Leaving out every picture, please repeat exactly the line that contains "L’autonomia che abbiamo" and each line after it through the final line below.
Source information section start
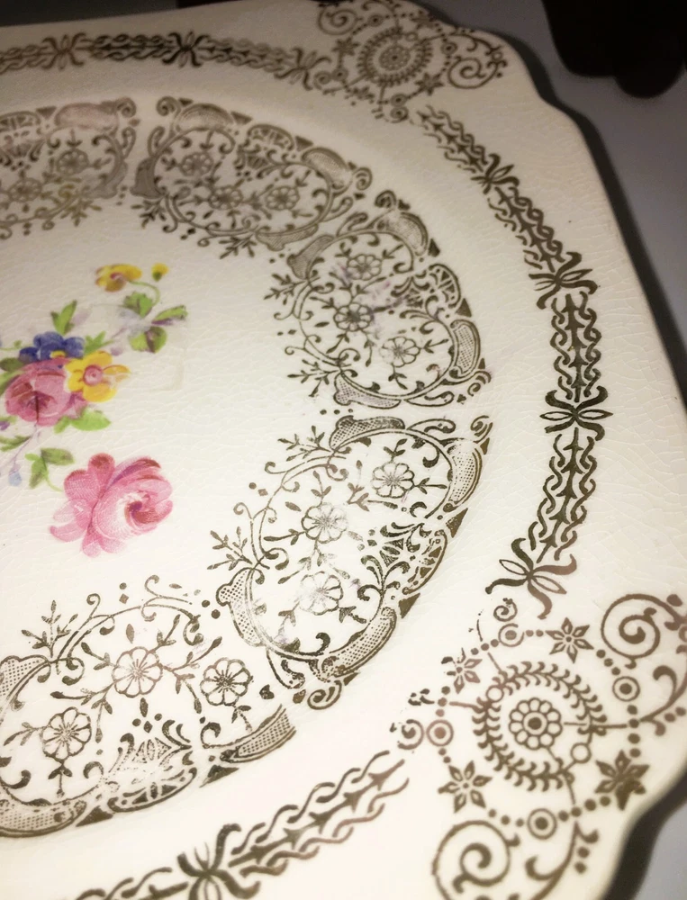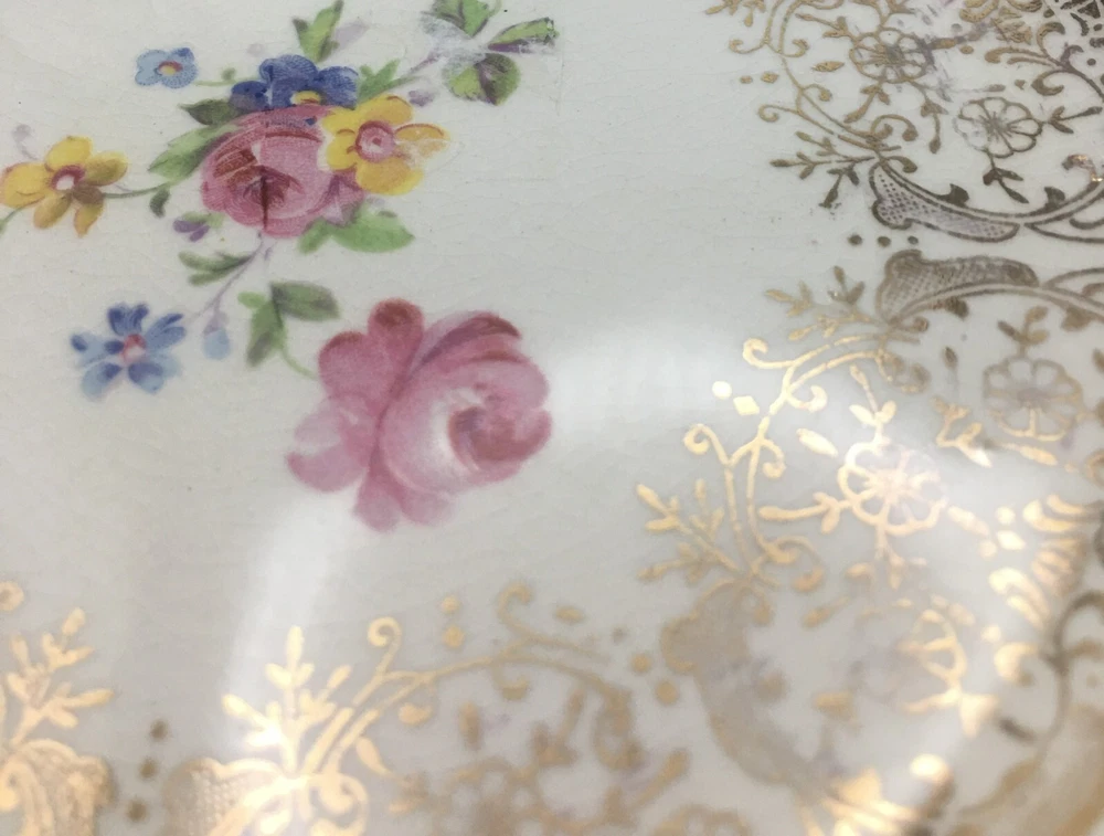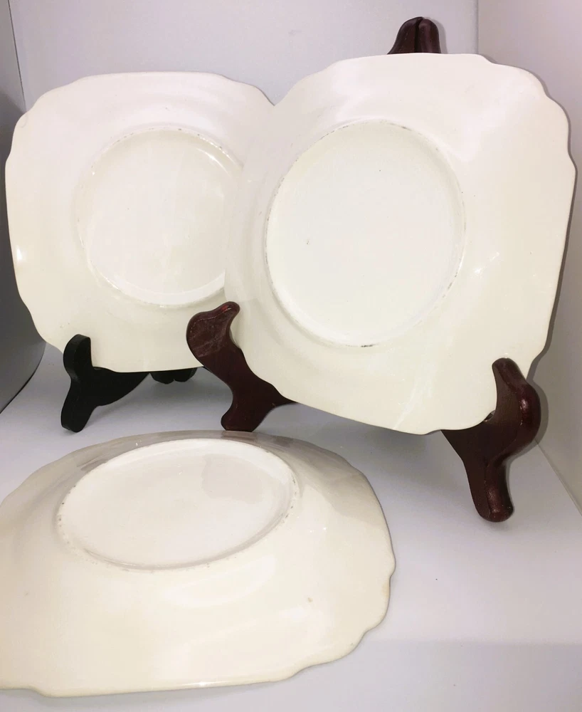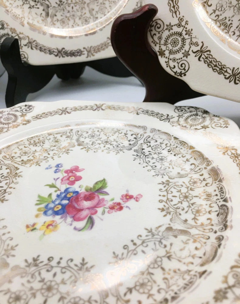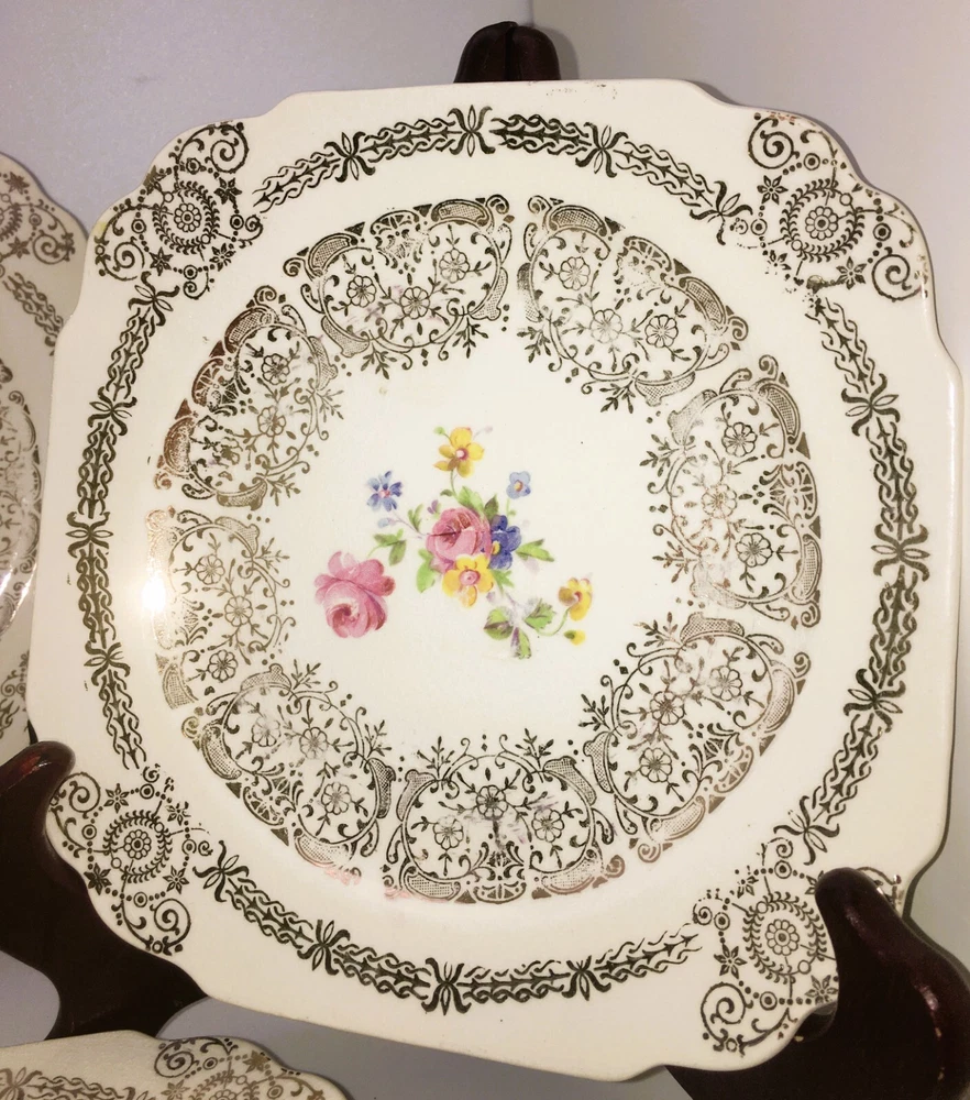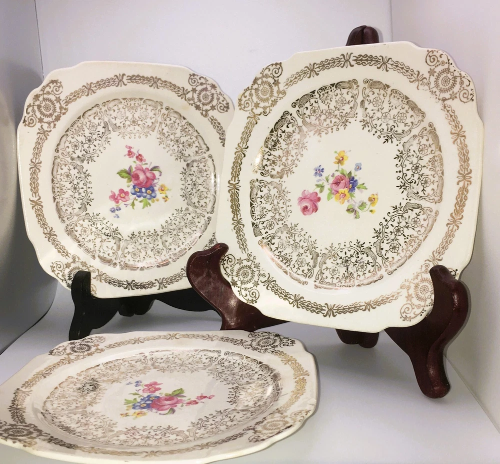 Vintage Set of 3 Square Salad Plates 22K Gold Ornate Details with roses and scrolls ~ Lovely filigree pattern that catches the light (see photos) Pink & multicolored floral bouquet in the center of each plate with cabbage roses Measure 6 1/2" diameter Unmarked ~ pattern name unknown although reminiscent in style of Limoges, Sebring, American Limoges in the 1930s...could be any of those but I'm not certain as they are not marked No chips or cracks. Minor crazing. Please see photos and zoom if for clarity. This is a beautiful set for display or replacement! Carefully packed and shipped by Daisy!
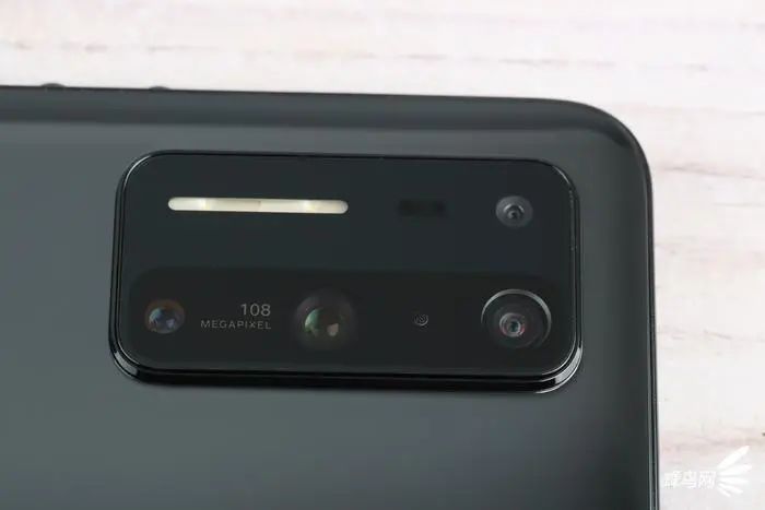 后置相机采用主摄+超广角+长焦+微距的四摄组合,并配置了激光对焦模块,能实现更好更快的对焦效果,并配置了高显色指数双补光灯;其中主摄为三星 ISOCELL Bright HMX,像素高达1.08 亿,尺寸为1/1.33 英寸,单位像素面积为0.8μm,支持光学防抖。超广角镜头为 1300 万像素,最大视角 119.7°,开启防畸变后视角会有所降低;长焦镜头为 800 万像素,支持 3 倍光学无损变焦,最高支持30倍数码变焦;另外一颗为 500 万像素的微距镜头。
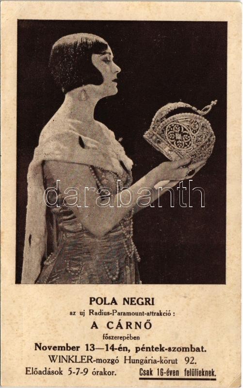 Leírás: Pola Negri az új Radius-Paramount-attrakció: A Cárnő főszerepében. Winkler Mozgó Budapesten a Hungária körút 92. szám alatt (EK)
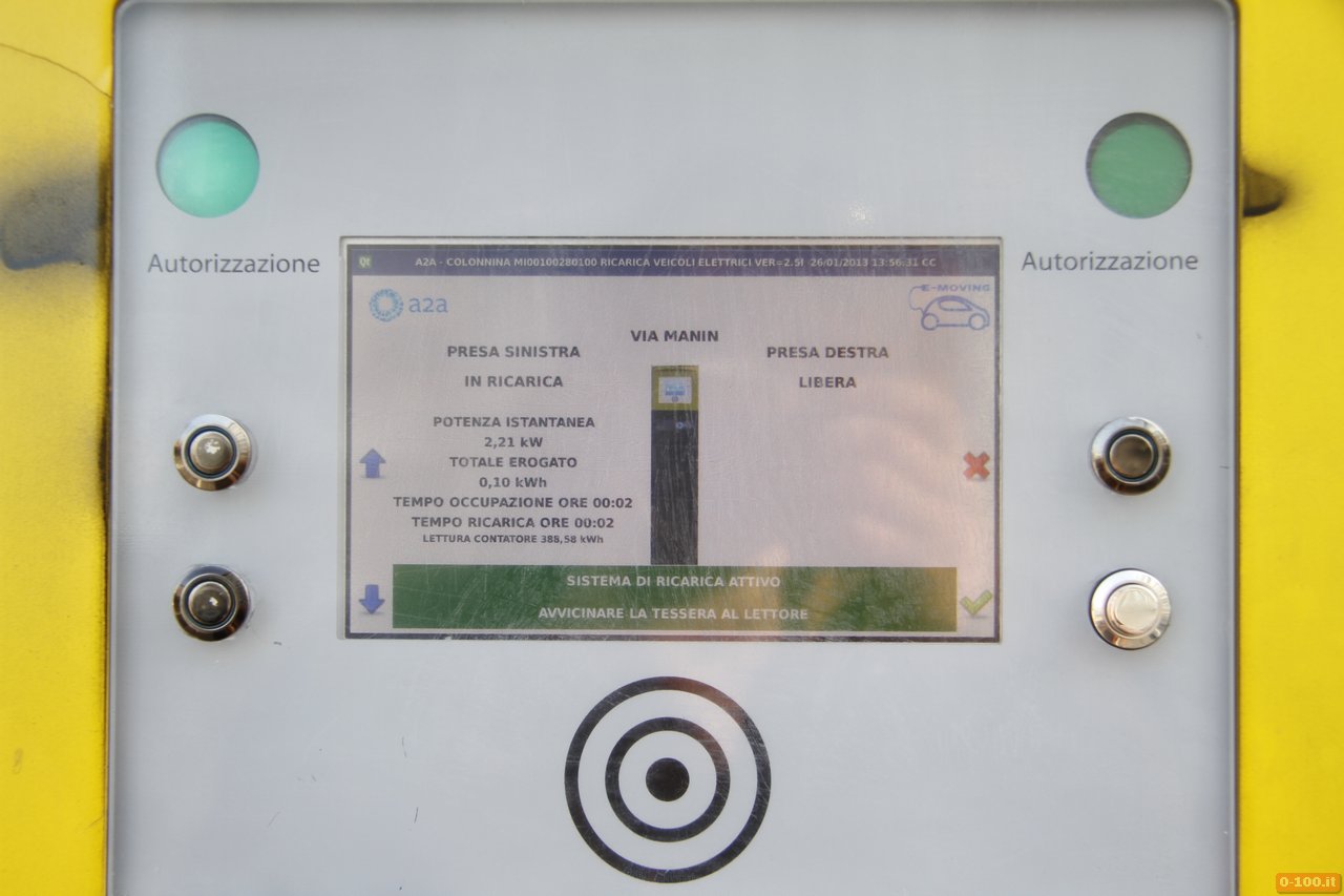 L’autonomia che abbiamo riscontrato durante il test è stata di 80 chilometri, che in un uso esasperato (provando a guidare “come 0-100 comanda“) è scesa a poco più di 50 chilometri. Molto fanno, in tal senso, le numerose colonnine di ricarica sparse per la città di Milano, scenario del test. Oppure la sera, la rimetti nella sua “tana” e l’attacchi al biberon: in circa 3 ore e mezza, le batterie sono di nuovo cariche.
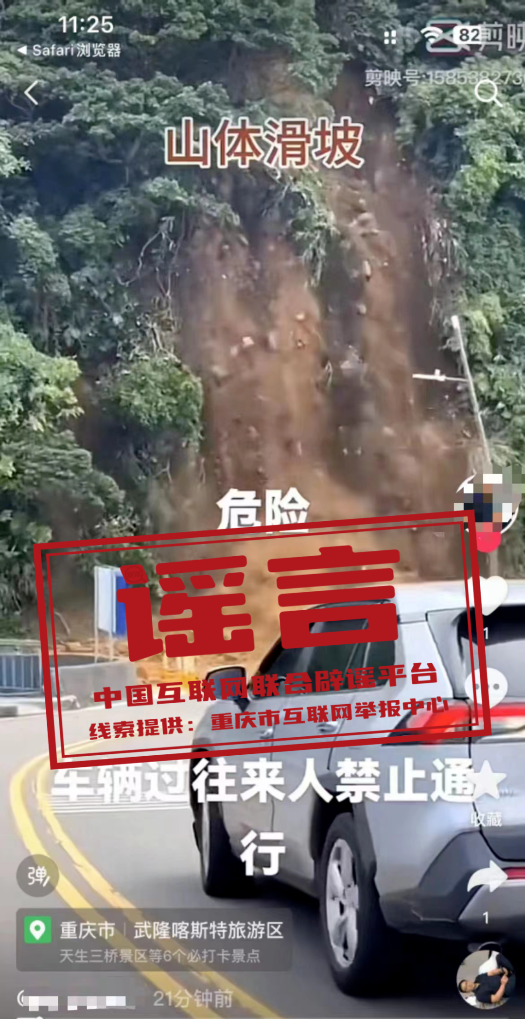 真相:近日,有網(wǎng)民發(fā)布了一則“山體滑坡危險,過往車輛行人禁止通行”的視頻,視頻定位標注為“重慶市武隆喀斯特旅游區(qū)”。經(jīng)重慶市武隆區(qū)多部門核實,該區(qū)近期未發(fā)生大面積山體滑坡事件。網(wǎng)傳視頻實為2024年6月3日臺灣省基隆市中正區(qū)潮境公園入口發(fā)生的大規(guī)模山體滑坡事件,而視頻中所標注的定位信息系網(wǎng)民發(fā)布視頻的地點,而非事件發(fā)生的地點。(來源:“重慶辟謠”微信公眾號、網(wǎng)信武?。?/span>
Source information section end
Solution to this task
 L’autonomia che abbiamo riscontrato durante il test è stata di 80 chilometri, che in un uso esasperato (provando a guidare “come 0-100 comanda“) è scesa a poco più di 50 chilometri. Molto fanno, in tal senso, le numerose colonnine di ricarica sparse per la città di Milano, scenario del test. Oppure la sera, la rimetti nella sua “tana” e l’attacchi al biberon: in circa 3 ore e mezza, le batterie sono di nuovo cariche.
 真相:近日,有網(wǎng)民發(fā)布了一則“山體滑坡危險,過往車輛行人禁止通行”的視頻,視頻定位標注為“重慶市武隆喀斯特旅游區(qū)”。經(jīng)重慶市武隆區(qū)多部門核實,該區(qū)近期未發(fā)生大面積山體滑坡事件。網(wǎng)傳視頻實為2024年6月3日臺灣省基隆市中正區(qū)潮境公園入口發(fā)生的大規(guī)模山體滑坡事件,而視頻中所標注的定位信息系網(wǎng)民發(fā)布視頻的地點,而非事件發(fā)生的地點。(來源:“重慶辟謠”微信公眾號、網(wǎng)信武?。?/span>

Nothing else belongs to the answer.